* [What the task requires] Exactly reproduce the lines of the listing below from the one containing "zusammen mit der" through the one containing "1978年,甘肅省歌舞團(t". Skip the images.

* [Records shown]
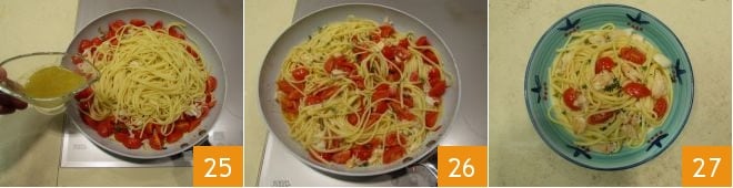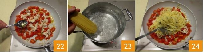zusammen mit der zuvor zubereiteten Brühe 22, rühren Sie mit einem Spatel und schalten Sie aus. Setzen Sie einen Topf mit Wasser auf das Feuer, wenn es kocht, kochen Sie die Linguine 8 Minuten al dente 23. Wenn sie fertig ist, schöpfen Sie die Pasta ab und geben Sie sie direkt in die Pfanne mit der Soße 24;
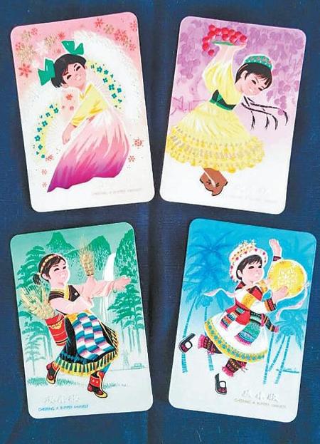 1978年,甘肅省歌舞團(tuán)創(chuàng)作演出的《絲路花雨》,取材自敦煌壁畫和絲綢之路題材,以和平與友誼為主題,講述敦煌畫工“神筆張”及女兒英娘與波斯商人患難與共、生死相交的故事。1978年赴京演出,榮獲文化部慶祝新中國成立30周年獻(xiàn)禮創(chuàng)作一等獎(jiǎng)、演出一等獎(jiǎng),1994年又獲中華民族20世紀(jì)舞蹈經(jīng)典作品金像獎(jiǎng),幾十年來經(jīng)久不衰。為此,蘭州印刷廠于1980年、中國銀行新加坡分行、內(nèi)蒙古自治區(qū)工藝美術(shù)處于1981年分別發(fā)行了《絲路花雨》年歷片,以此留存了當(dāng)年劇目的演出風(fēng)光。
...
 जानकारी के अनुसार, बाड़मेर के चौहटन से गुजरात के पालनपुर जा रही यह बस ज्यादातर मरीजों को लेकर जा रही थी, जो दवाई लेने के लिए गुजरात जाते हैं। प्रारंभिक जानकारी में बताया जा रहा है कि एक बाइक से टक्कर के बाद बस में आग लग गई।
--
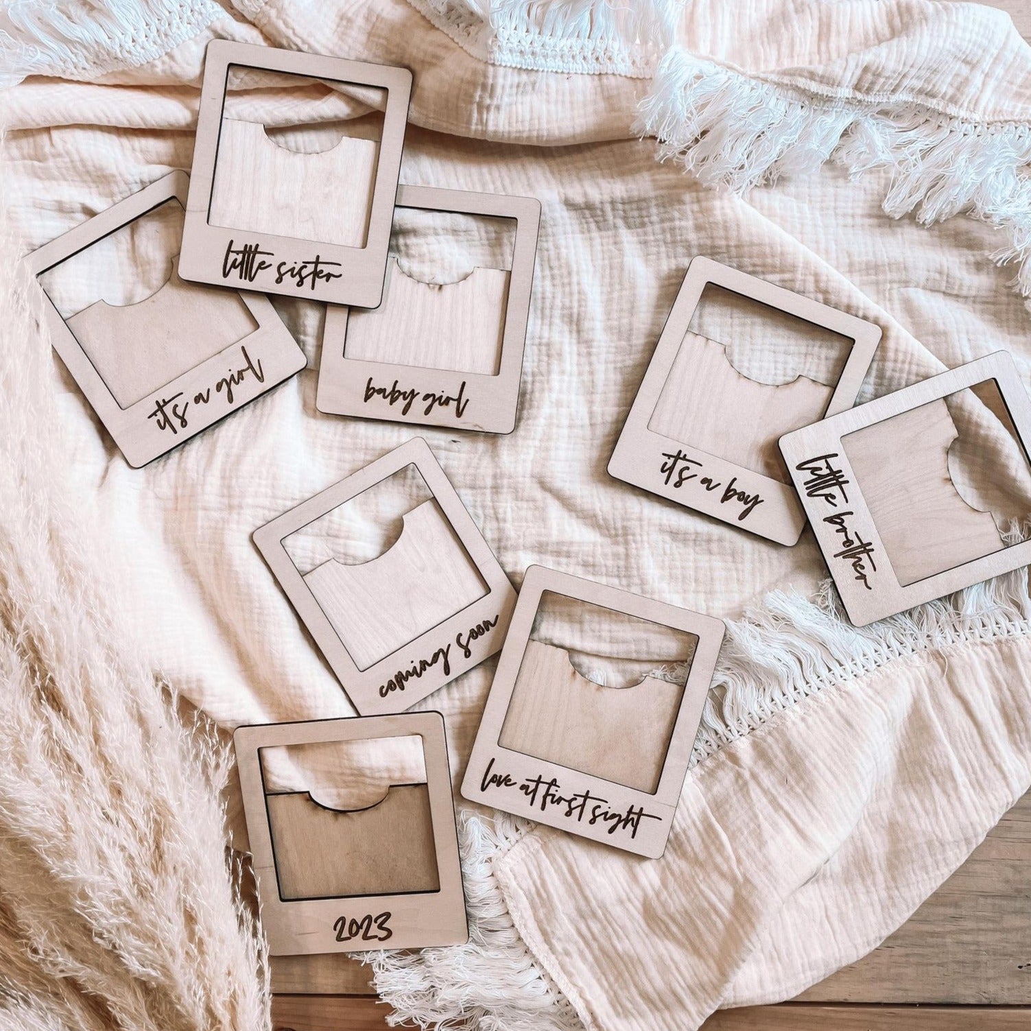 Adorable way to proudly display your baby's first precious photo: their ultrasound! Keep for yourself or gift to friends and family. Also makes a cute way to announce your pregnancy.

* [Answer space]
zusammen mit der zuvor zubereiteten Brühe 22, rühren Sie mit einem Spatel und schalten Sie aus. Setzen Sie einen Topf mit Wasser auf das Feuer, wenn es kocht, kochen Sie die Linguine 8 Minuten al dente 23. Wenn sie fertig ist, schöpfen Sie die Pasta ab und geben Sie sie direkt in die Pfanne mit der Soße 24;
 1978年,甘肅省歌舞團(tuán)創(chuàng)作演出的《絲路花雨》,取材自敦煌壁畫和絲綢之路題材,以和平與友誼為主題,講述敦煌畫工“神筆張”及女兒英娘與波斯商人患難與共、生死相交的故事。1978年赴京演出,榮獲文化部慶祝新中國成立30周年獻(xiàn)禮創(chuàng)作一等獎(jiǎng)、演出一等獎(jiǎng),1994年又獲中華民族20世紀(jì)舞蹈經(jīng)典作品金像獎(jiǎng),幾十年來經(jīng)久不衰。為此,蘭州印刷廠于1980年、中國銀行新加坡分行、內(nèi)蒙古自治區(qū)工藝美術(shù)處于1981年分別發(fā)行了《絲路花雨》年歷片,以此留存了當(dāng)年劇目的演出風(fēng)光。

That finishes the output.